Find the square root of the following binomial surd: $\sqrt{27}+2\sqrt{6}$

Question

Find the square root of the following binomial surd: $\sqrt{27}+2\sqrt{6}$

$\sqrt{\sqrt{27}+2\sqrt{6}}=\sqrt{x}+\sqrt{y}$

$(\sqrt{\sqrt{27}+2\sqrt{6}})^2=(\sqrt{x}+\sqrt{y})^2$

$3\sqrt{3}+2\sqrt{6}=x+y+2\sqrt{xy}$

$x+y=0$ because there is no rational component, and $2\sqrt{xy} = 3\sqrt{3}+2\sqrt{6}$

Now $(x-y)^2=(x+y)^2-4xy \Rightarrow (x-y)^2 = (0)^2-(3\sqrt{3}+2\sqrt{6})^2$.

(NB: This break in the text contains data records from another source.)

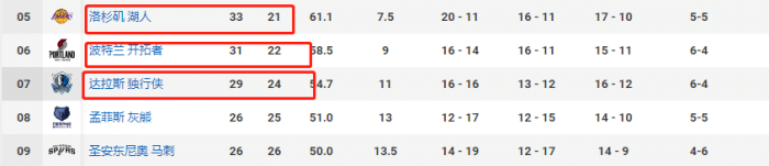 现在来看,西部有6队基本已经锁定季后赛,这应该没太大问题,分别是爵士,太阳,快船,掘金,湖人,开拓者等。目前,开拓者已经领先第七的独行侠2个胜场,胜率达到58.5%,参考以往西部季后赛的竞争,这样的胜率足以锁定季后赛了。而东契奇的球队遭遇两连败,在和东部豪强费城的证明对决中,独行侠以95-113惨败,目前以29胜24负排在第七,虽然也很有机会进入季后赛,但位置并不是很稳。
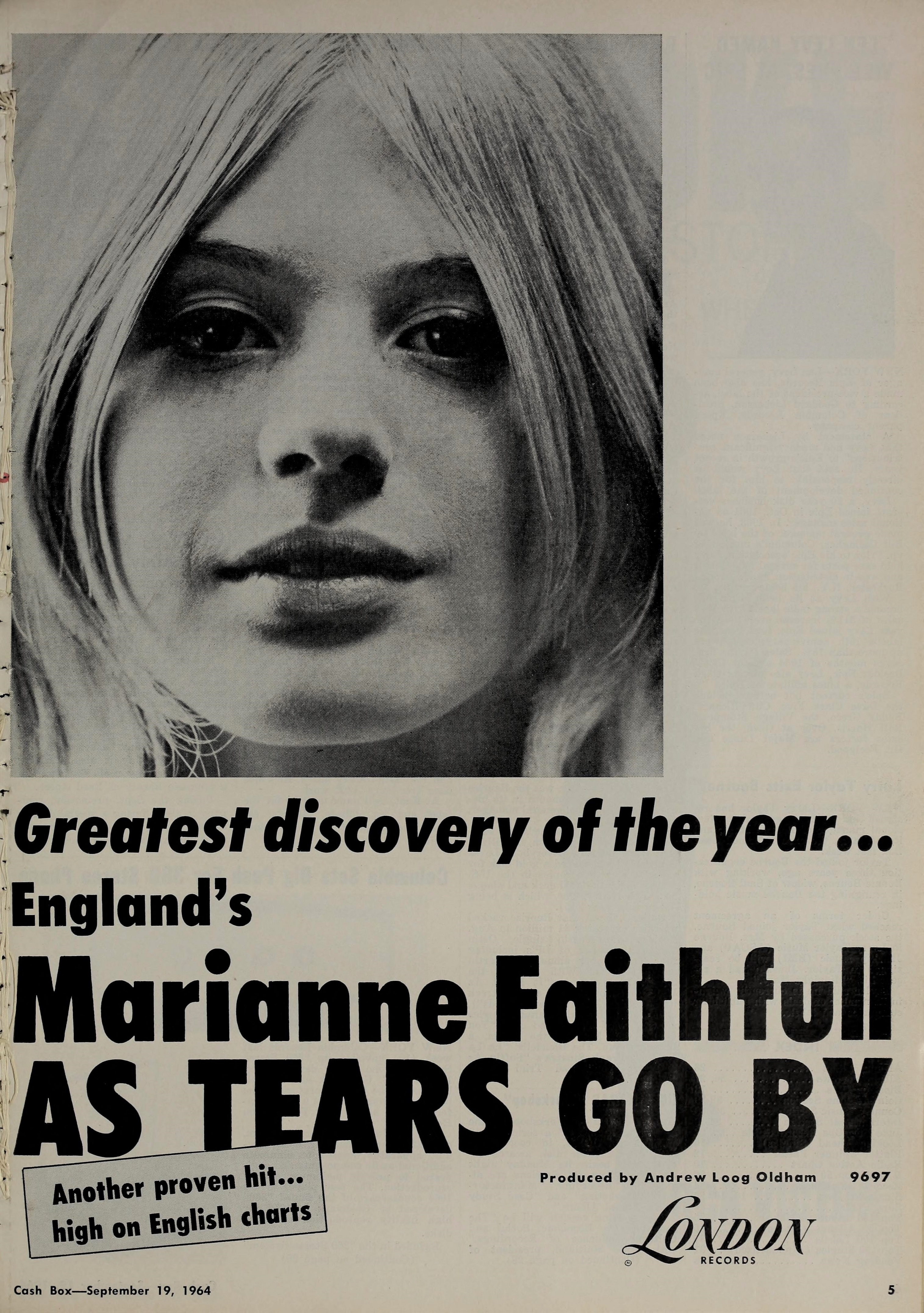 As Tears Go By영어는 1964년 마리안느 페이스풀이 처음 녹음하여 발표한 곡으로, 그녀의 데뷔 싱글이자 대표곡 중 하나이다. 이 곡은 믹 재거와 키스 리처드가 작곡했으며, 앤드루 루그 올덤이 프로듀싱을 맡았다.페이스풀의 버전은 독특한 오보에 선율과 서정적인 가사로 큰 인기를 얻었다. 영국 싱글 차트에서 9위,[7] 캐나다에서는 2위,[8] 빌보드 핫 100에서 22위를 기록했다.[8]
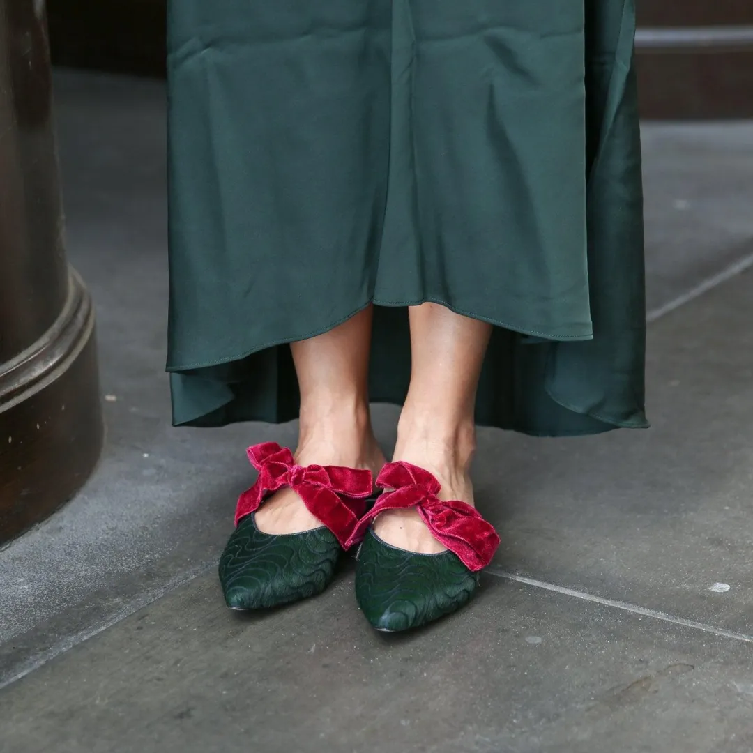 Slip on these groovy 2-in-1 pointed slides when you're on the go or wear them with the detachable Marie strap for a holiday look. The versatile dark green calf hair is laser engraved to reveal a navy suede pattern underneath. But these shoes aren't just about style, they are ultra comfortable. We extended the point so your toes are not squished and dropped the heel lower than our classic slides and loafers. Customize them with any Alterre strap to create your own personalized shoe.
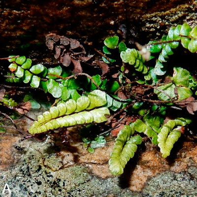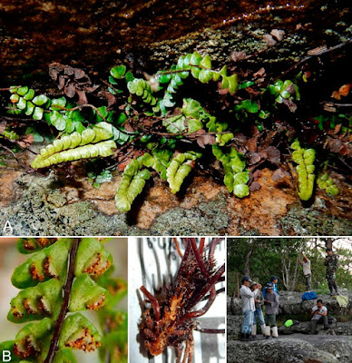 Asplenium minutifolium Kanem. & Tagane, sp. nov. Similar to Asplenium kiangsuense Ching & Y.X.Jing of southern China in size and shape of lamina, but differs in having a narrower lamina (ca 0.7 cm wide in A. minutifolium vs. ca 1 cm wide in A. kiangsuense), wingless rachis (vs. 2 slightly raised lateral wings), smaller pinnae (1–4 × 0.8–2.5 mm vs. 4–5 × 4–5 mm), generally fewer sori per pinna (1– 3(–4) vs. 3–5), and in the sori arrangement (usually arranged in a row vs. arranged oppositely). Also similar to Asplenium siamense Tagawa & K.Iwats. of North-East Thailand, but can be distinguished by its simple pinnae at the tip of lamina (vs. lamina forked several times at the tip), thicker pinnae (thickly papery vs. thinly papery), reflexed pinna arrangement in lower part (vs. divaricate around lamina), and pinnae with entire or slightly undulate margins (vs. shallowly lobed (lobes to ca 1mm long)). –– Type: Thailand. Loei Province, Phu Kradueng National Park, Lom Sak Cliff, alt. 1292 m, 12 June 2015, Kanemitsu et al. T4736 (holotype BKF!, isotype TNS!). Distribution.–– Currently Asplenium minutifolium is known only from Phu Kradueng National Park and Khao Yai National Park. Ecology.–– In Phu Kradueng National Park, Asplenium minutifolium occurs in a semi-shaded and damp rock crevice that is ca 50 cm wide and 10 cm deep, on the plateau at an altitude of ca 1300 m. Associated fern and lycophyte species include Aglaomorpha rigidula (Sw.) Hovenkamp & S.Linds., Goniophlebium subauriculatum (Blume) C.Presl, Oleandra undulata (Willd.) Ching, Pyrrosia lingua (Thunb.) Farw. var. heteractis (Mett. ex Kuhn) Hovenkamp, and Selaginella siamensis Hieron. Other than the elevation, nothing is known about the ecology of this species at Khao Yai National Park. Etymology.–– The species epithet “minutifolium” refers to the very small lamina and pinnae of this species. Hironobu Kanemitsu, Shuichiro Tagane, Somran Suddee, Sukid Ruangruaea, Tetsukazu Yahara. 2017. Asplenium minutifolium (Aspleniaceae), A New Species from Thailand. THAI FOREST BULL., BOT. 45(1); 29–34. DOI: 10.20531/tfb.2017.45.1.06 ![]() |
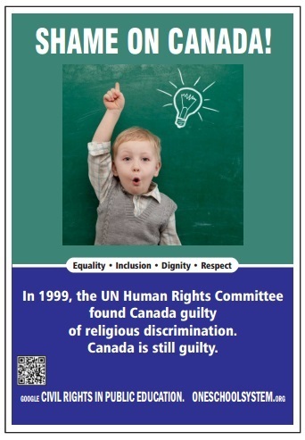 It is embarrassing and disgraceful to be told by the UN Human Rights Committee that Canada/Ontario is guilty of religious discrimination. Hopefully these ads will encourage others to speak out and join the growing number of Canadians who think it is time for our government to treat all citizens equally… It is shocking that Pattison Outdoor arbitrarily denied my right to express my view on the one-school-system concept, a view that has been expressed numerous times in editorials and opinion pieces in newspapers across Ontario in recent months. I am presently considering my legal options.
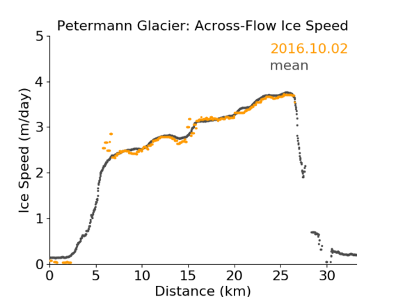 Click on the map to select a glacier and show maps and charts of the ice velocity data we have processed so far. Grey shading on the plots is used to indicate the floating part of the glacier.
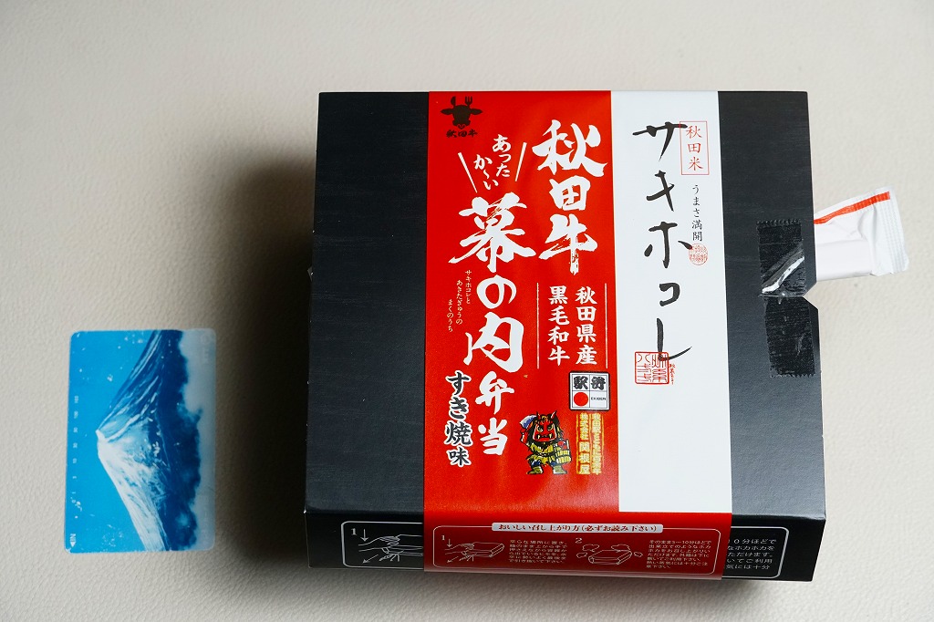 2024(令和6)年12月6日に秋田駅などで発売。JR東日本秋田支社が展開する秋田県冬の大型観光キャンペーン「誰と行く?冬の秋田」に合わせたオリジナル商品として、2025年2月28日までの期間限定で販売。ここでは4月にも買えたので、そのまま売り続けているのだろう。調製元の公式サイトによると商品名は「サキホコレと秋田牛のあったかい幕の内弁当」であるが、その名は現物のどこにも見られない。
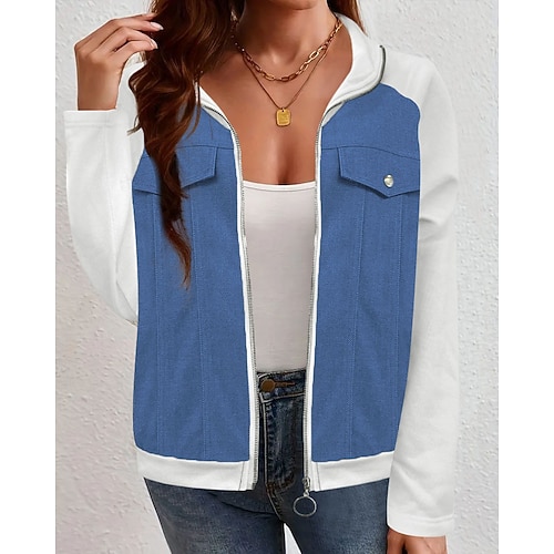 cappotto invernale da donna patchwork tasca con cerniera elegante moda classico moderno tinta unita esterno vacanza casa ufficio / carriera normale turndown vestibilità regolare manica lunga capospalla
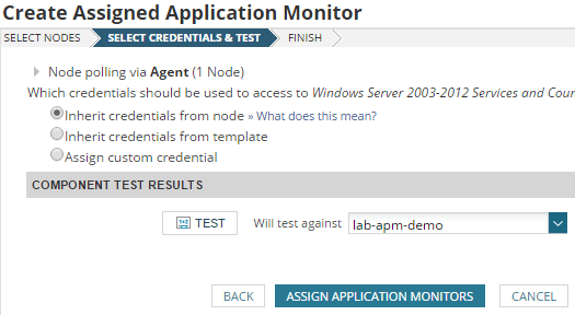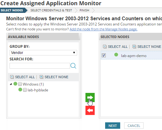 - Select the Windows nodes you want to monitor for the operating system on the left pane, click the green arrow to move it to the right pane, and click Next.
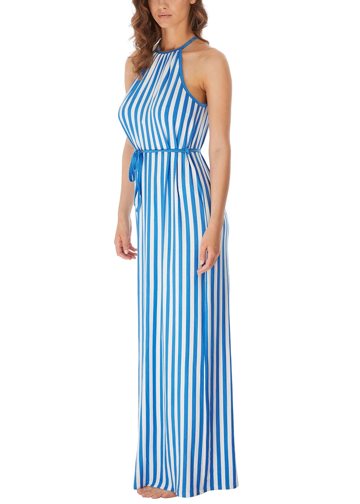 Freya’s Beach Hut Maxi Dress will be your new holiday must-have. The stripe print in a Blue Moon colourway and high neck styling creates a flawlessly chic look that you can wear from beach to bar. Complete with a wrap-around belt to accentuate your waist.
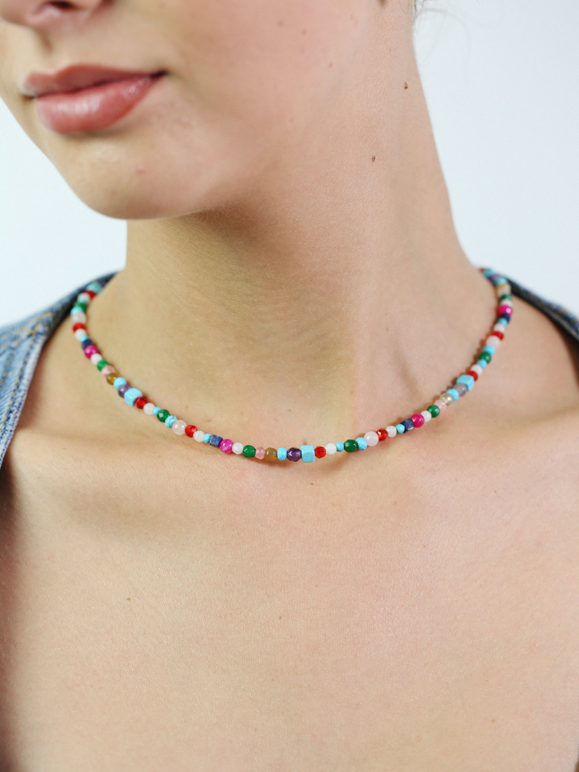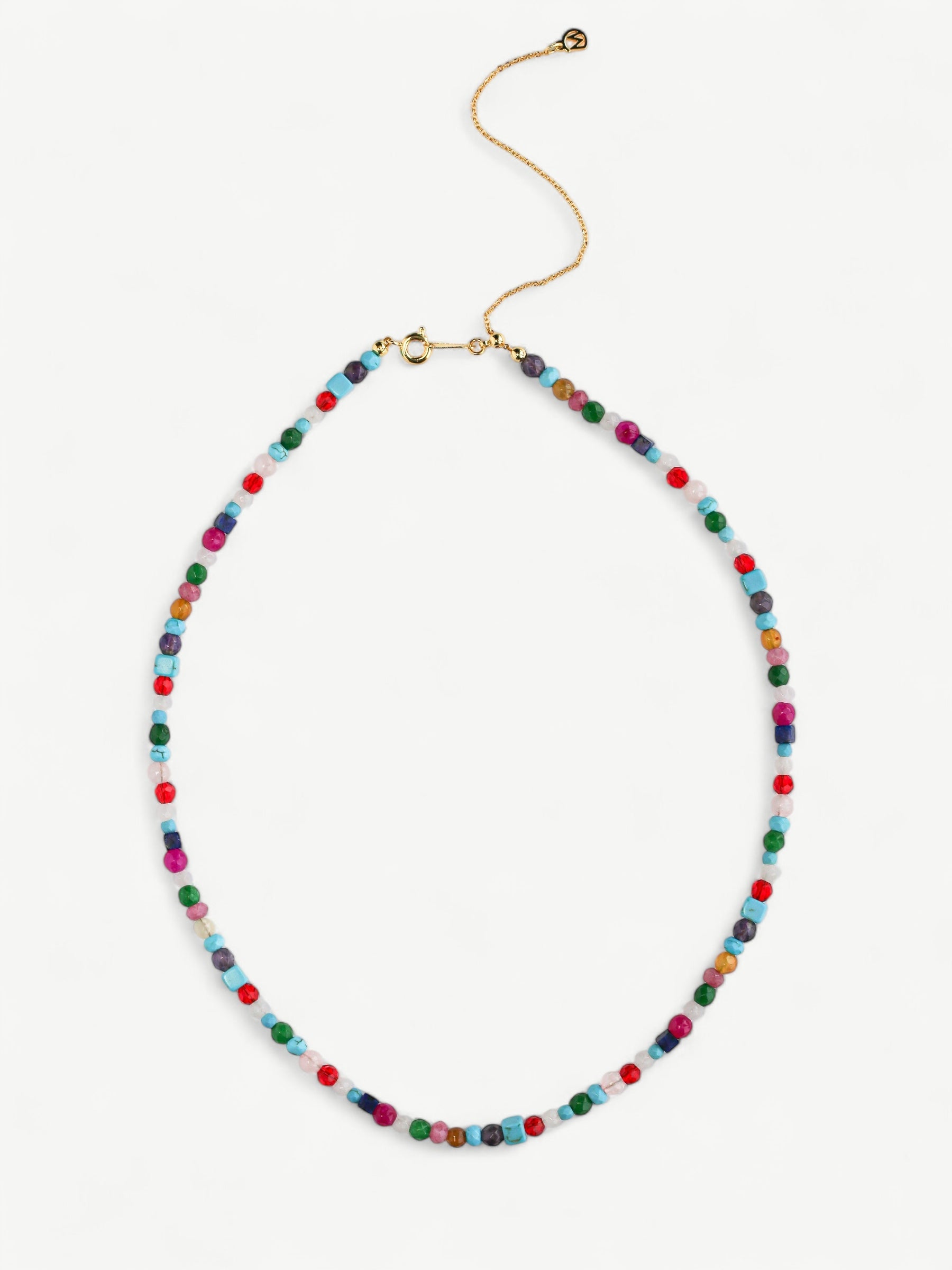 Experience the delicate beauty and lively colors of Grazia's Natural Stone Necklace! Crafted with a beautiful combination of natural stones, this necklace brings a young and active feeling to any outfit. Add a fashionable touch to your look with Grazia!
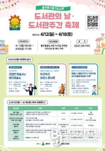 브릿지저널 윤나영 기자 | 울주옹기종기도서관이 ‘도서관의 날(4월 12일)’과 ‘도서관 주간(4월 12~18일)’을 맞아 독서문화 확산과 도서관 이용 활성화를 위한 다양한 특별행사를 운영한다고 1일 밝혔다.
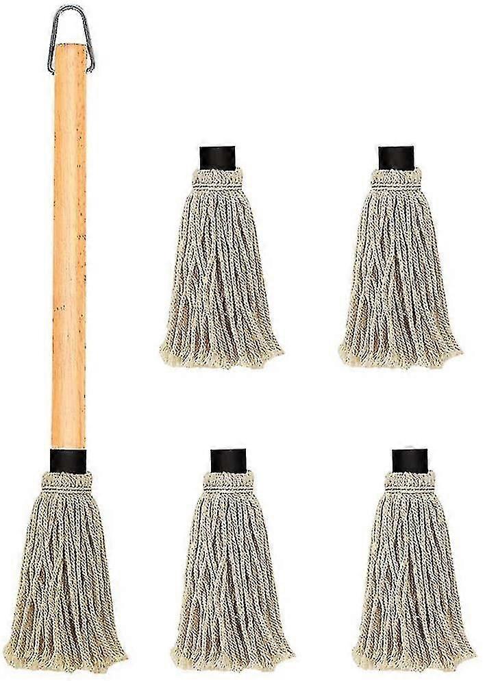 18 Inch Mop Wooden Long Handle With 4 Extra Replacement Heads For Grilling & Smoking
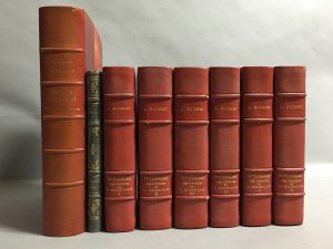 - ROUSSET (A.). Dictionnaire géographique, historique et statistique des communes de la Franche-Comté. S.l., FERN, 1969. 6 vol. in-8, demi-chagrin rouge à coins, dos à 4 nerfs, auteur et titre dorés, têtes dorées, couv. et dos conservés, (dos passés).
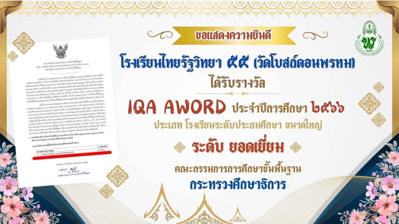 โรงเรียนได้รับการตรวจประเมินภายใน (Internal Quality Audit) จากการบริหารจัดการของโรงเรียนอย่างเป็นระบบ ส่งผลให้ได้รับรางวัล IQA AWARD ประจำปีการศึกษา ๒๕๖๖ สถานศึกษาขนาดใหญ่ ระดับยอดเยี่ยม จากคณะกรรมการการศึกษาขั้นพื้นฐาน กระทรวงศึกษาธิการ เมื่อวันที่ ๒๙ ตุลาคม พ.ศ.๒๕๖๗
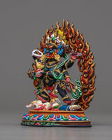 With our Compact Six-Armed Mahakala Statue, you can add a sign of protection and strength to your environment. The Tibetan Buddhist deity Mahakala is considered as a strong guardian and defender of the Dharma. This meticulously constructed statue, created utilizing machine molding processes, depicts this strong deity in a detailed and approachable manner.
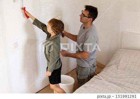 A father and his young son are painting the walls in a bedroom. The father uses a roller while the boy holds a paintbrush. They enjoy spending time together on this home improvement project
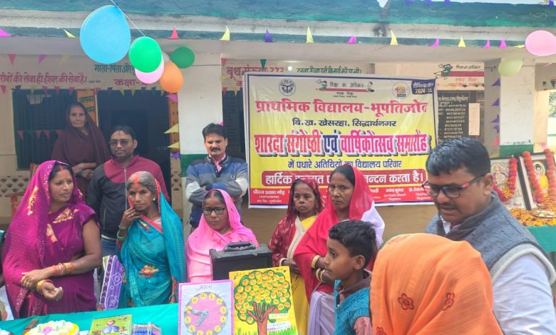 बांसी। शासन के निर्देशानुसार खेसरहा क्षेत्र के प्राथमिक विद्यालय भूपतजोत के परिसर में शारदा संगोष्ठी एवं वार्षिकोत्सव समारोह का आयोजन किया गया। प्रधानाध्यापक धीरज प्रसाद गौड के देखरेख व विद्यालय प्रबन्धन समिति की अध्यक्षा श्रीमती चन्द्रावती तथा उपाध्यक्ष श्रीमती लक्ष्मी की अध्यक्षता में बच्चों व अभिभावकों के साथ आयोजित वार्षिकोत्सव कार्यक्रम शनिवार को हर्षाेल्लास पूर्वक मनाया गया। इस दौरान विद्यालय के विभिन्न गतिविधियों पर चर्चा हुई। चर्चा में सुनिश्चित किया गया कि कोई भी बच्चा आउट आफ स्कूल न हो । इस अवसर पर शिक्षकगण, शिक्षा मित्र, आशा, आंगनबाड़ी के अतिरिक्त राजेन्द्र आदि भी उपस्थित रहे । प्रधानाध्यापक श्री गौड ने कहा कि कार्यक्रम में आयोजित सुलेख, चित्रकला एवं श्रुतिलेख प्रतियोगिता में प्रथम तथा द्वितीय व तृतीय स्थान प्राप्त छात्र छात्राओं को पुरस्कृत भी किया गया।
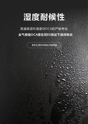 高温高湿环境是对OCA的严峻考验,全气候型OCA需在双85测试下保持稳定:
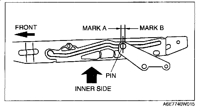 2. Move the guide by hand until the center of the pin comes between marks A and B.
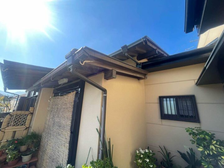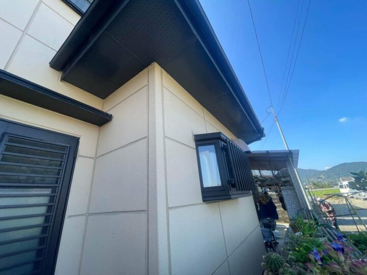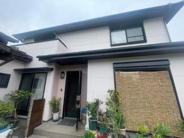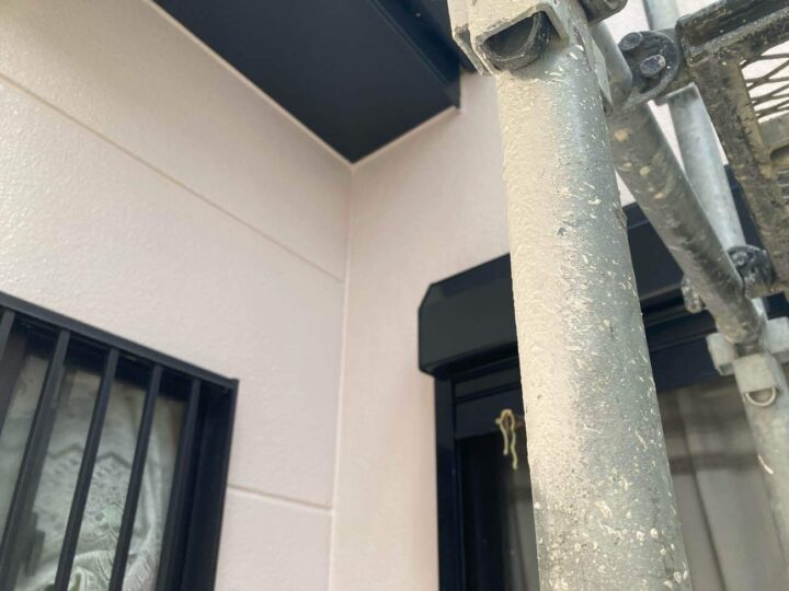 外壁塗装ではピンク系のお色で塗装をおこないました。

$(x-y)^2= -(27+24+12\sqrt{18}) = -(51+2\sqrt{648})$

$x-y=\sqrt{-(51+2\sqrt{648})}$

I'm stuck here. First I don't know what to do with the minus sign. Second, if the minus sign didn't exist, I suppose I would repeat the process, namely $x-y=\sqrt{51+2\sqrt{648}}=\sqrt{x}+\sqrt{y}$. But then I feel it's wrong for me to set $x-y = \sqrt{x}+\sqrt{y}$. Thanks for the help.

Answer 1

Observe that $$\sqrt{27} + 2\sqrt{6} = 3\sqrt{3} + 2\sqrt{6} = \sqrt{3}(3 + 2\sqrt{2}) = \sqrt{3}(1 + 2\sqrt{2} + 2) = \sqrt{3}(1 + \sqrt{2})^2$$ Hence, $$\sqrt{\sqrt{27} + 2\sqrt{6}} = \sqrt[4]{3}(1 + \sqrt{2})$$

Answer 2

Let$$t＝\sqrt {\sqrt {27}＋2\sqrt {6}}\\~\\t^2＝\sqrt {27}＋2\sqrt {6}\implies\;t^2＝\sqrt {9×3}＋2\sqrt {2×3}＝3\sqrt {3}＋2\sqrt {2}\sqrt {3}＝\sqrt {3}\left({3＋2\sqrt {2}}\right)\\~\\\implies\;t^2＝\sqrt {3}\left({3＋2\sqrt {2}}\right)＝\sqrt {3}\left({1＋}\left({\sqrt {2}}\right)^2＋2\sqrt {2}\right)＝\sqrt {3}\left({1＋\sqrt {2}}\right)^2＝\left({\sqrt[4]{3}\left({1＋\sqrt {2}}\right)}\right)^2$$ Finally, $$t＝\sqrt {\sqrt {27}＋2\sqrt {6}}={\sqrt[4]{3}\left({1＋\sqrt {2}}\right)}$$

Answer 3

Let $m>n$

$(\sqrt m + \sqrt n)^2=m+n+2\sqrt{mn}=\sqrt27+2\sqrt6=3\sqrt3+2\sqrt6$

$2\sqrt{mn}=2\sqrt6$

$\sqrt{mn}=\sqrt6$

$m+n=3\sqrt3$

then

$m=2\sqrt3$ and $n=\sqrt3$

$\sqrt{\sqrt27+2\sqrt6}=\sqrt{2\sqrt3}+\sqrt{\sqrt3}=\sqrt[4]{12}+\sqrt[4]{3}$

Answer 4

Alt. hint: $\;$ let $\,a = \sqrt{\sqrt{27} + 2\sqrt{6}}\,$, $\,b = \sqrt{\sqrt{27} - 2\sqrt{6}}\,$, then $\require{cancel}\,a^2 + b^2 = 6 \sqrt{3}\,$ and $\,p = ab = \sqrt{3}\,$, so $\,s = a + b = \sqrt{a^2+b^2+2ab} = 2 \sqrt{2\sqrt{3}}\,$.

It follows that $\,a,b\,$ are the roots of the quadratic $\,x^2 - s x + p = 0\,$, or $\,x^2 - 2 \sqrt{2\sqrt{3}}\,x + \sqrt{3} = 0\,$, so $\,a, b = \sqrt{2\sqrt{3}} \pm \sqrt{2 \sqrt{3} - \sqrt{3}} = \sqrt[4]{3}\left(\sqrt{2} \pm 1\right)\,$.